In general, many of the slum dwellers employ themselves in the
informal economy, which include street vending, drug dealing, and
prostitution. Many of them pick through the garbage heaps in search of
items which they hawk for a living. Items of choice include empty beer
and water bottles, as well as household electronics goods.
•United Nations report
According to the United Nations Global Report on Human Settlements
2003, about one third of all city dwellers live in slums. Its Special
Rapporteur on Adequate Housing, Mrs. Raquel Rolnik, noted that slums are
usually characterised by urban decay, high rates of poverty, and
unemployment.
“They are commonly seen as breeding grounds for social problems such
as crime, drug addiction, alcoholism, high incidence of mental illness,
and suicide. They also exhibit high incidence of disease due to
inadequate access to safe water, unsanitary conditions, malnutrition,
lack of basic health care, poor structural quality of housing,
overcrowding, and insecure residential status. Indeed, they are
manifestation of urban poverty in developing world cities.”
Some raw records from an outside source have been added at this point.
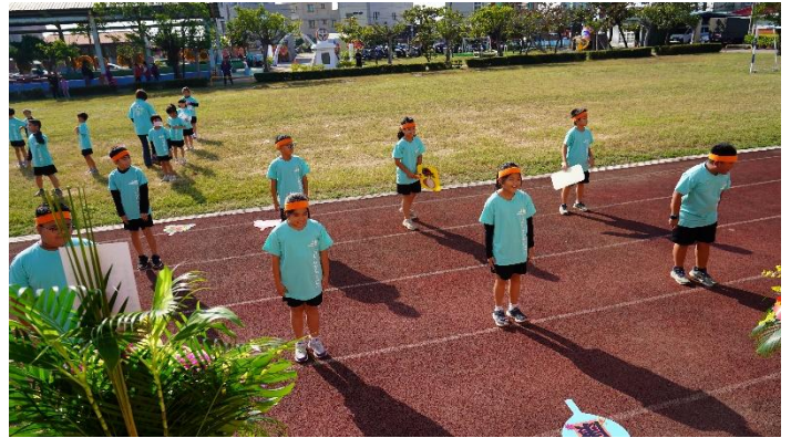
說明：學生利用標語來提醒大家健康體位的重要性
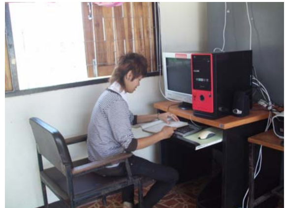
บริการสืบค้นคอมพิวเตอร์ ที่ กศน.ตำบล
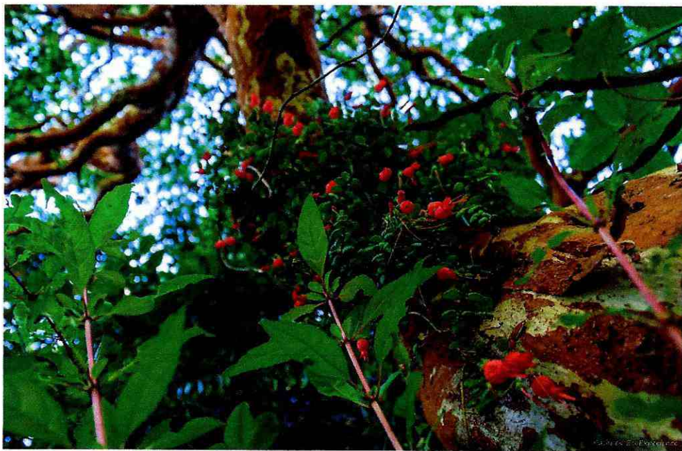
Figura 4: Añoso arrayán ( Luma apiculata ), en simbiosis con epífita medallita ( Sarmienta repens ), acompañados de Chilco ( Fuchsia magellanica ) evidenciando las características del Humedal Las Pitras con Bosque añoso y diverso, acompañado de sotobosque garantizando servicios ecosistémicos en sus tres categorías.

encuentra resguardo en este humedal durante todo el año, siendo en invierno zona segura ante las condiciones climáticas que se prolongan por entre 8 a 10 meses, y en primavera verano les ofrece resguardo ante la ocupación de las aguas y riberas de toda la zona lacustre por veraneantes y vehículos acuáticos motorizados. Estas condiciones mantienen en constante presión a las comunidades de aves como garzas, gaviotas, pidén, huairavos, patos de pico azul, taguas, entre otras que habitan el sector en sus procesos de desarrollo, alimentación y reproducción, de igual manera sucede con mamíferos como el coipo, reptiles y anfibios del lugar. (Figura 4, 5 y 6)
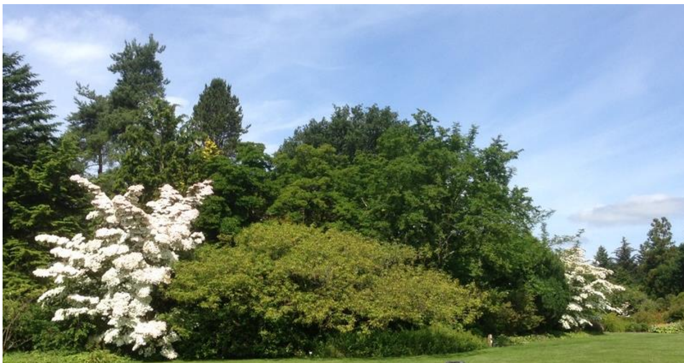
Blå himmel i GH
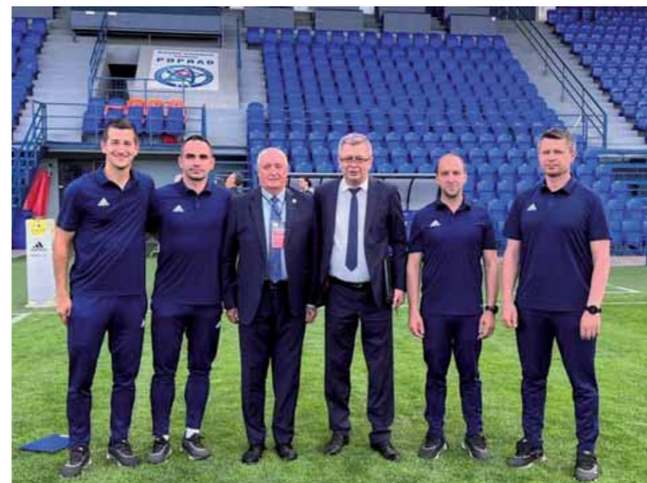
Pred posledným zápasom v úlohe delegáta

ho v roku 1996 zavolať do pozície sekretára. Onedlho začal popri tom robiť delegáta. Po skončení rozhodovania vznikla aj divná situácia, keďže už bol ako delegát na listine UEFA zo strany SFZ, ale Bratislavský futbalový zväz ho nechal začínať v 4.lige. „Bolo to komické. Jeden deň som bol delegát v Lábe a na druhý v Leverkusene. Rýchlo sa to ale upravilo.“ Neskôr prešiel na zväze na medzinárodný úsek. Najväčšia láska v podobe seminárov o pravidlách mu ale ostala až do posledných týždňov kariéry. „Vždy som všetko veľa rozpisoval, na rozdiel od niektorých iných. Ja som bol skôr na to.“
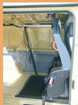
Version repliée pour le transport de marchandises
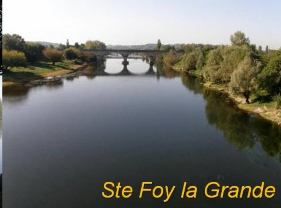
Ste Foy la Grande
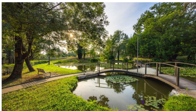
14.slika: Kindlerjev park

Park je odprt skozi vse leto in ponuja različne izkušnje glede na letni čas. Spomladi cvetijo prve grmovnice, poleti park oživi z bujno vegetacijo, jeseni očara s pisanimi listi, pozimi pa s svojo tišino in zelenimi iglavci.
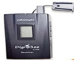
全程專業導覽耳機

本行程所附之語音導覽器為租借使用,如 因旅客個人因素遺失或損壞,依廠商規定 需賠償每台機器NT$2000,特此說明。
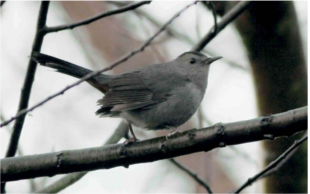
98 Katvogel / Grey Catbird Dumetella carolinensis , Kallo, Oost-Vlaanderen, 16 december 2006 (Vincent Legrand)
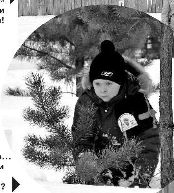
Интересно... «растут» ли мины под елкой?
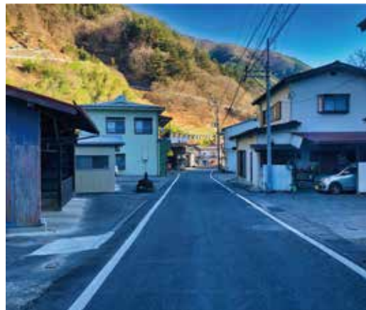
▲ 橋立地区冬季の様子

り要望に応じていくよう取り組んでいく。環境対策の観点からの施策は村では現状ではない。国、県の補助事業の中で取り組める事業があるか今後注視していく。
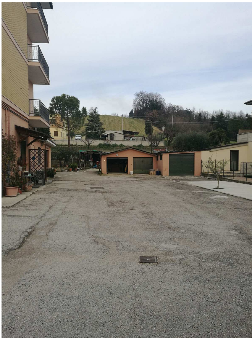
Immobile G Foglio n. 45, Particella 489, sub 2 Vista dall'accesso da Via Faleriense Est
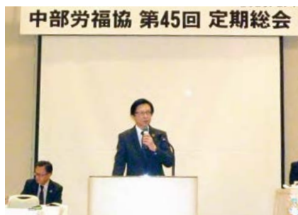
中部労福協第45回定期総会
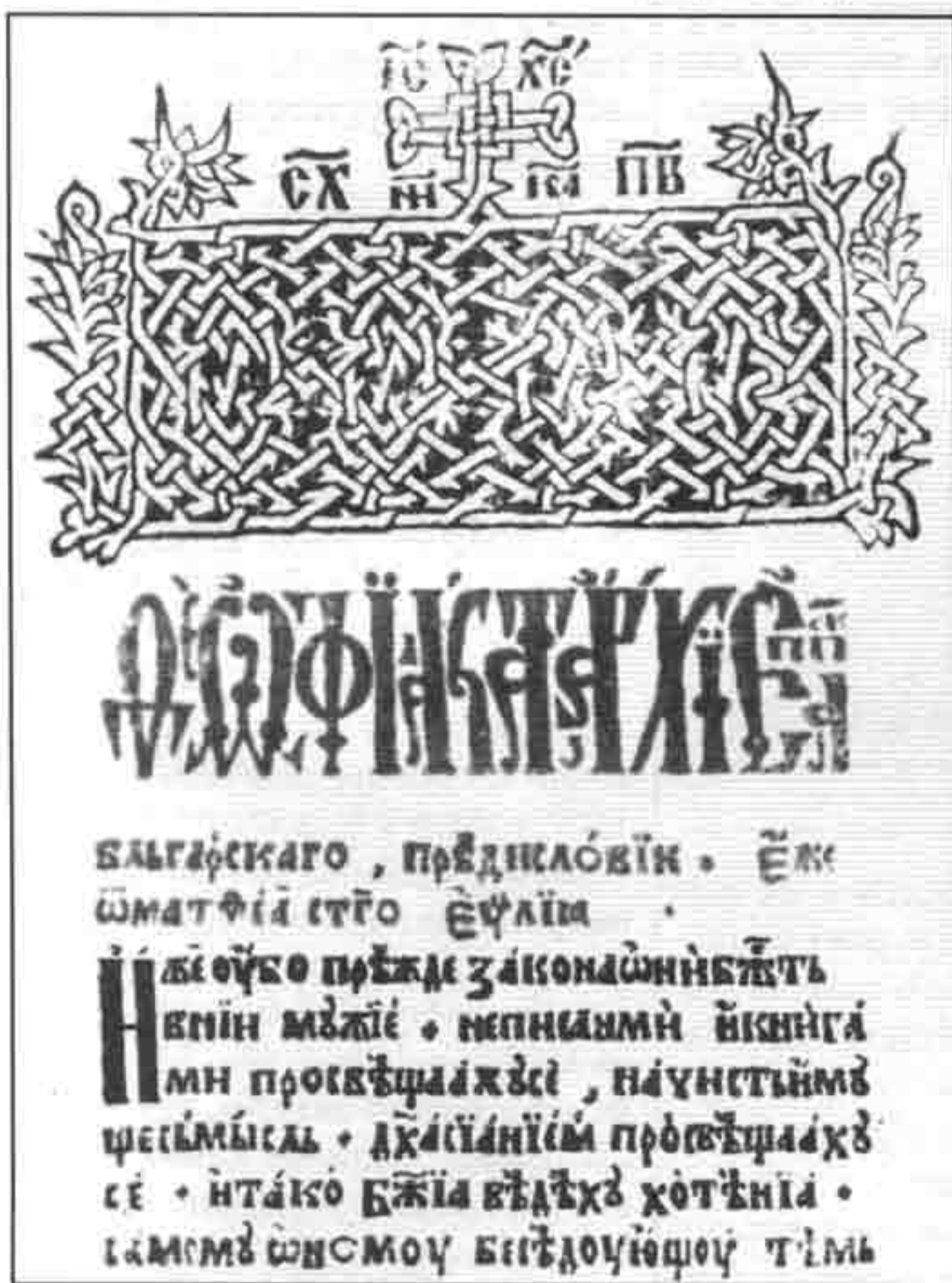
Трећа страница Рујанског чејворејеванђеља

Претпоставља се да је манастир Рујно опустео око 1567. године. Срушен је у другој половини 16. века. Од њега није остао ни камен на камену, али преживело је Рујанско чејворејеванђеље и у њему записани подаци. Као далеки ехо у селу Врутцима настала је и казивана бледа легенда о закопаном манастирском благу и плавичастом пламену који гори на манастиришту. Према легенди требало је доћи на то место пре зоре и посути га пепелом. Изјутра би се на пепелу указале стопе овце, говечета или неког другог брава. Ту животињу је требало заклати па онда почети откопавати закопано злато. Ако би се у пепелу пока-
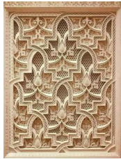
Рис.1 Приклад застосування

традиційним народним мистецтвом, можуть відігравати вагому роль у розробці інтер'єрів, які репрезентуватимуть українську культуру.
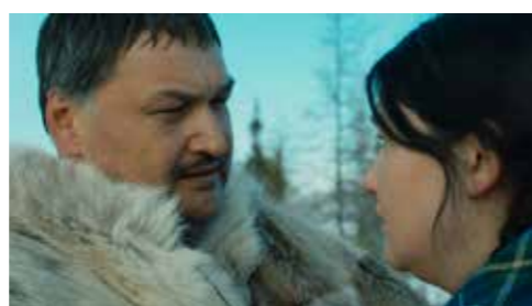
LA RIVIÈRE SANS REPOS de Marie-Hélène Cousineau et Madeline Ivalu (Canada)
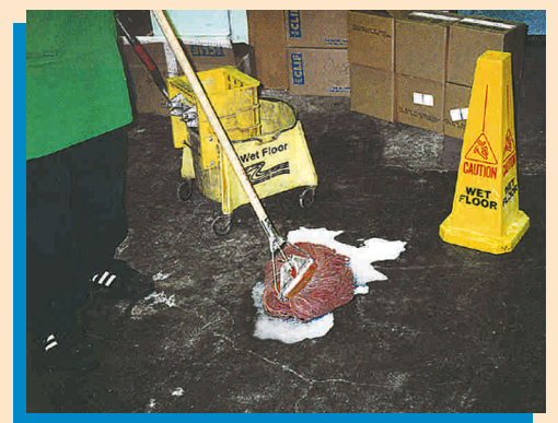
Limpie los derrames
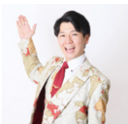
▲地理芸人「トフィー」 (松竹芸能所属)
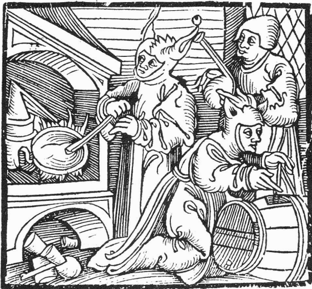
Alchemisten in hun werkplaats. In: Dat neye schip van Narragoniën, 1519. Te zien in Groningen en Zwolle.

ZERDOUN BAT YEHOUDA, M. Les papiers filigranés médiévaux: essai de méthodologie descriptive. Turnhout: Brepols, 1988. 272 pp., geïll. - Bibliologia, 7 -.
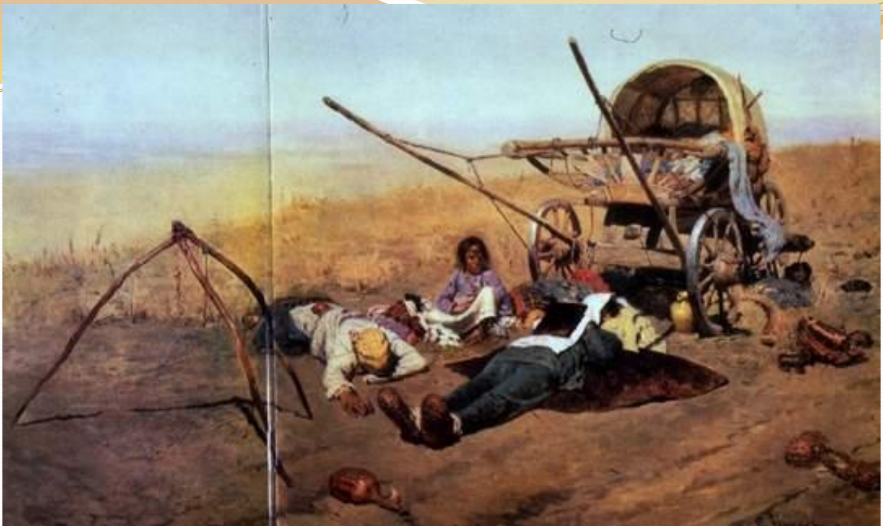
«В дороге...смерть переселенца»
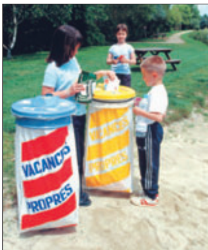
Le réflexe du tri doit partir en vacances avec vous !

L a Communauté de Communes des Olonnes rassemble les forces des 3 Communes d'Olonne sur Mer, Le Château d'Olonne et des Sables d'Olonne pour la réalisation de différentes missions parmi lesquelles la gestion du cadre de vie avec le logement et l'aménagement paysager. L'environnement, et particulièrement la collecte et le traitement

This description fits all the slums that our correspondents visited.
In reaction, a construction expert and participant at a Lagos Housing
Fair, Mr. Timothy Odeleye, said the problem was that when people were
removed from slums and the place was rebuilt, former residents were
almost always edged out, as their economic capability to afford an
accommodation there was always dicey, while the government almost always
develop interest in turning them into urban settlements, as was the
case of Maroko.
“At the end of the day, the poor people move further to the interior
to create new slums, thus creating an unending cycle of slum to urban,
and back to slum,” Odeleye said.
•Official reactions
When contacted, the Lagos State Commissioner for the Environment, Mr.
Tunji Bello, responding through the ministry’s Public Relations
Officer, Mr. Fola Adeyemi, said the issue was beyond the purview of his
ministry, and referred our correspondent to the Commissioner for
Physical Planning and Urban Development, Mr. Olutoyin Ayinde.
Ayinde neither picked his calls nor responded to the SMS sent to his GSM number.
Ditto the chairmen of the affected local council development authorities and local government areas.
These are Hon Augustine Arogun (Agbado Oke-Odo LCDA); Hon Shakiru
Yusuf (Ayobo Ipaja LCDA); and Hon Ayodeji Abdulkareem (Agege LG).